TASK DESCRIPTION
Starting with the line that contains "Joe's jeans with", repeat exactly every line through the last one in the records below, and leave out the pictures.

Source records
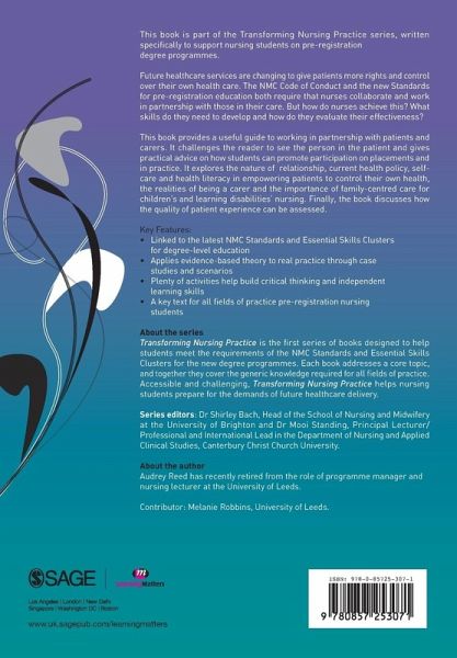 'The title of [this book] truly reflects the content, which achieves the aim of supporting student nurses working across all undergraduate pre-registration nursing and midwifery programmes to understand why this partnership is so essential. The style and format is accessible, directional and supportive of learning in and reflecting on practice by unifying theory with practical examples, activities, case studies, research summaries and scenarios. The mapping of each chapter against the Nursing and Midwifery's Council's Standards for Pre-Registration Nurse Education and Essential Skills Clusters complements learning and is a welcome inclusion. The authors should be commended for creatively illuminating and detailing (with the backing of evidence) why and how these partnerships are the bedrock in delivering individualised person-centred care - and may contribute to restoring the image of nursing.
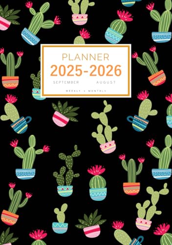 Planner September 2025-2026 August: A5 Weekly and Monthly Organizer | Mexican Cactus Succulent Design Black
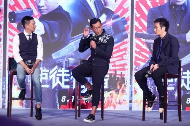当日的发布会现场被布置成酒吧场景,张家辉、古天乐、吴镇宇三人举杯共话兄弟情,十分应景,当聊起“阿蓝”(张家辉饰演)和“少爷”(古天乐饰演)的关系时,张家辉直言这是一段“相爱相杀”的纠结兄弟情,“今天我救你,明天你救我,但关系中又藏着不少秘密”。
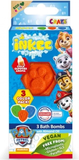 Die sprudelnden Badebomben Inkee Paw Patrol verwandeln das Bad in ein farbenfrohes, duftendes Spiel. Jede Mini-Bombe sprudelt nach und nach, färbt das Wasser und verströmt einen zarten Duft, den Kinder lieben. Dank des hinzugefügten Mandelöls helfen sie, die Haut zu pflegen und zu zartmachen.
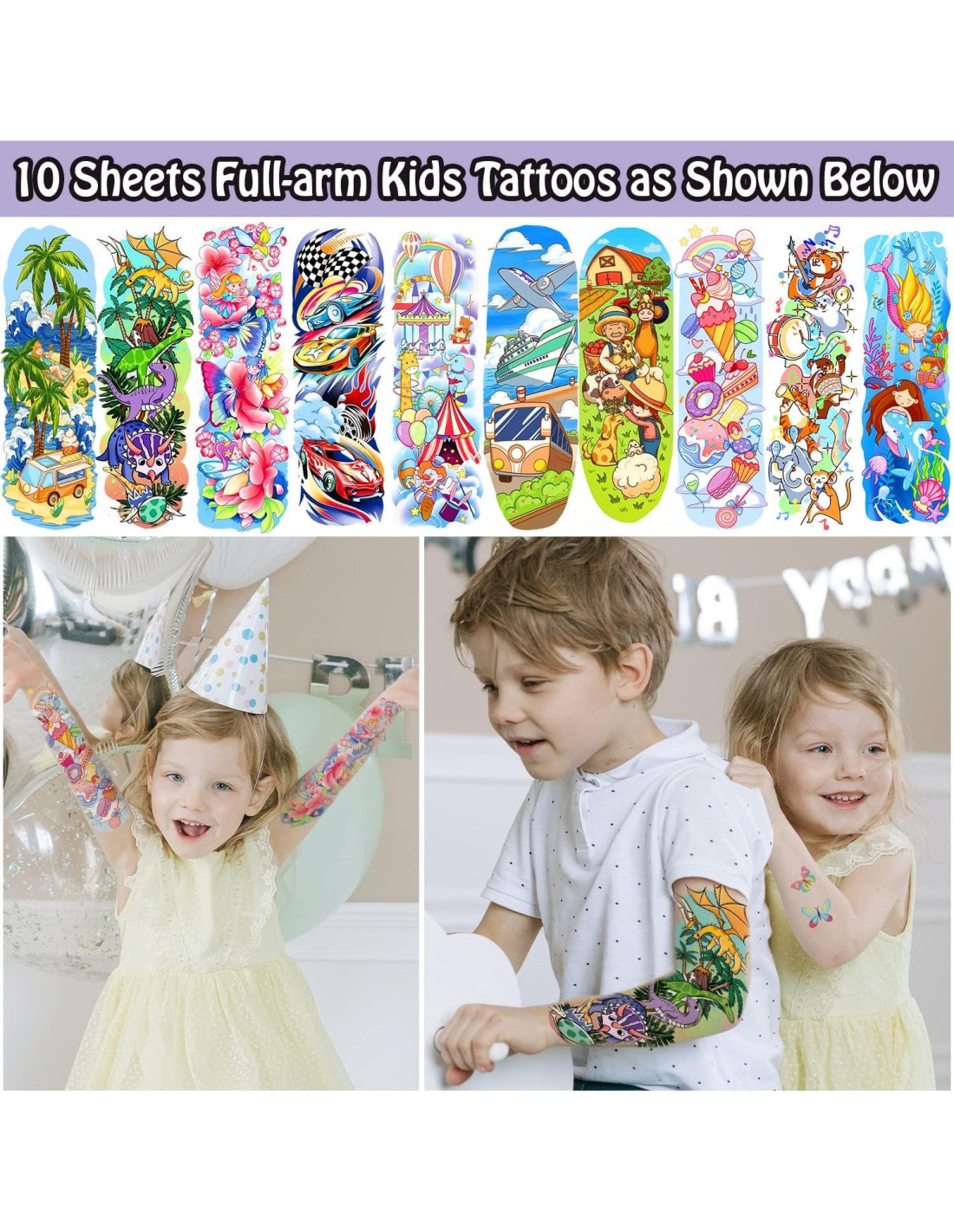 - [66 Hojas de Tatuajes Temporales de Tamaño Mixto para Niños] un paquete para obtener diferentes tamaños de mangas de tatuajes temporales para niños y niñas en cara y manos, una colección de los tipos de elementos lindos favoritos de los niños, 66 contiene 10 hojas de manga completa (27.94 * 8.89 cm), 15 hojas de manga media (11.94 * 7.11 cm), 41 hojas de pequeños tatuajes (9.66 * 6.10 cm), es una buena opción de juguete para fiestas de cumpleaños.
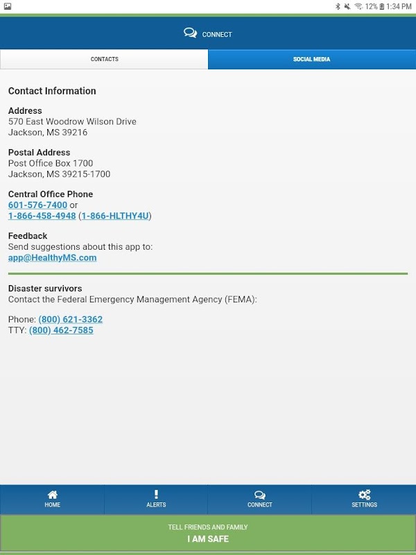 • Available offline are important MS Department of Health phone numbers and an emergency hotline
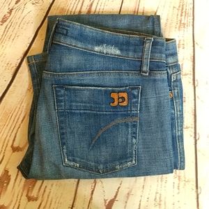 Joe's jeans with slight distressing near waist and pockets. Fit: Rocker. Size 30.
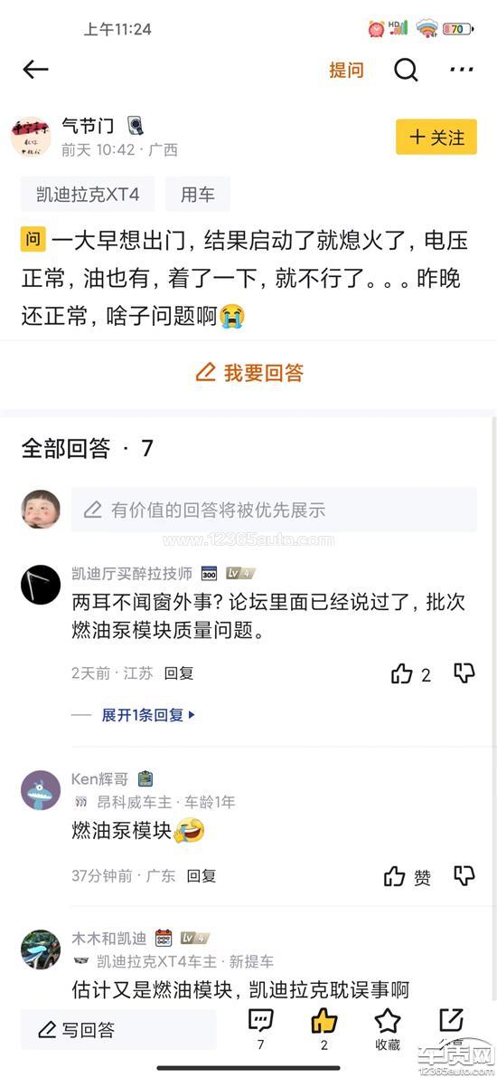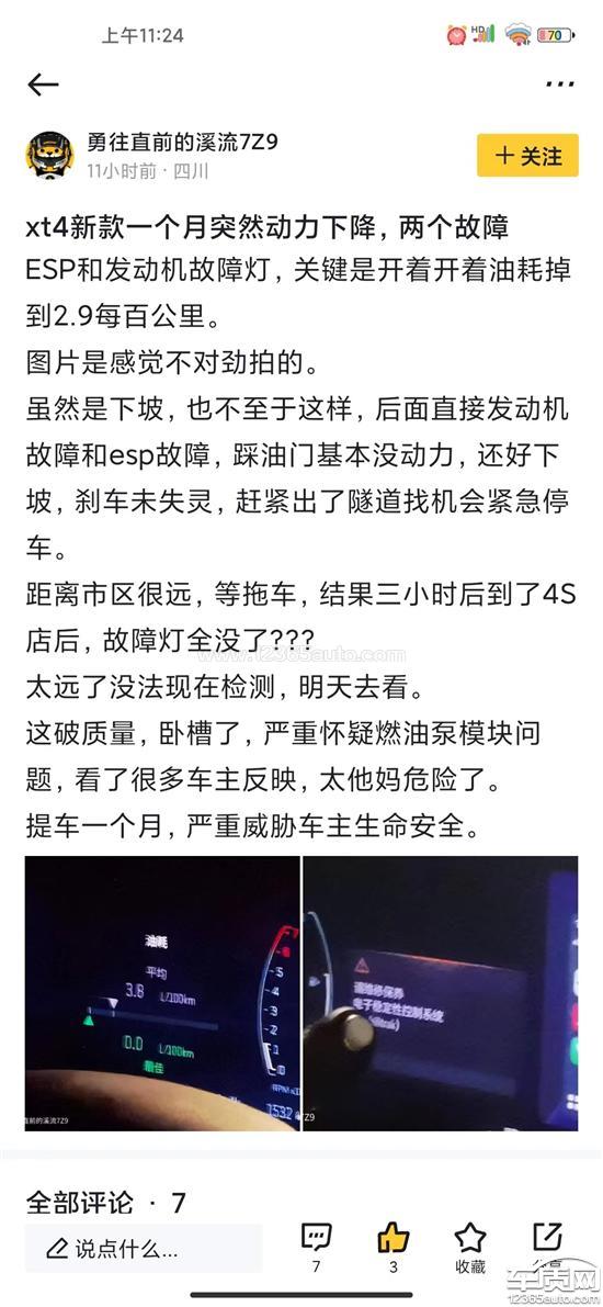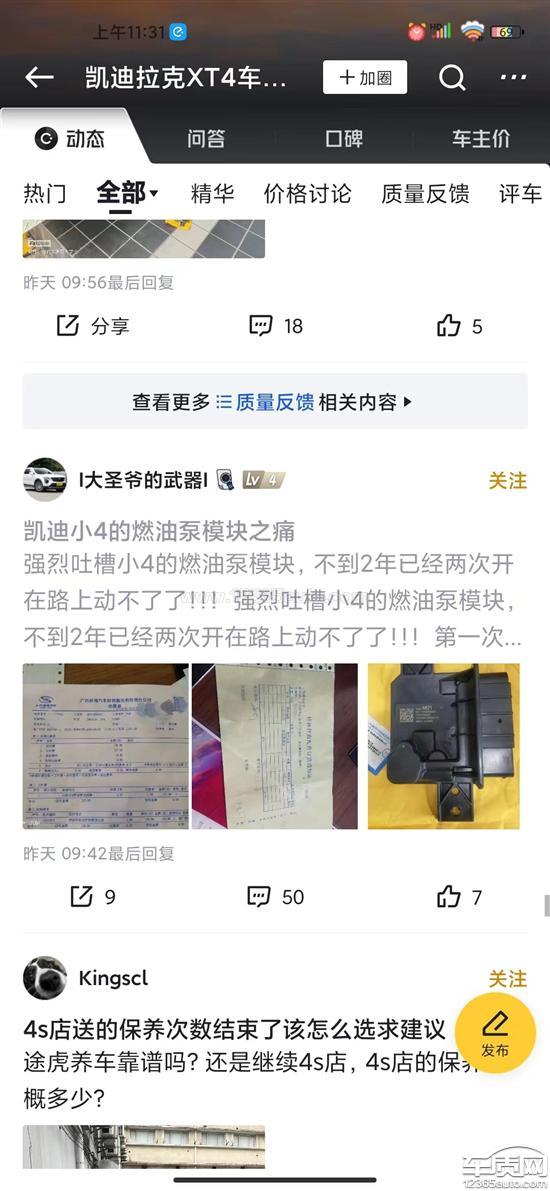 投诉车系:凯迪拉克XT4

OUTPUT OF THE EXERCISE
 Joe's jeans with slight distressing near waist and pockets. Fit: Rocker. Size 30.
 投诉车系:凯迪拉克XT4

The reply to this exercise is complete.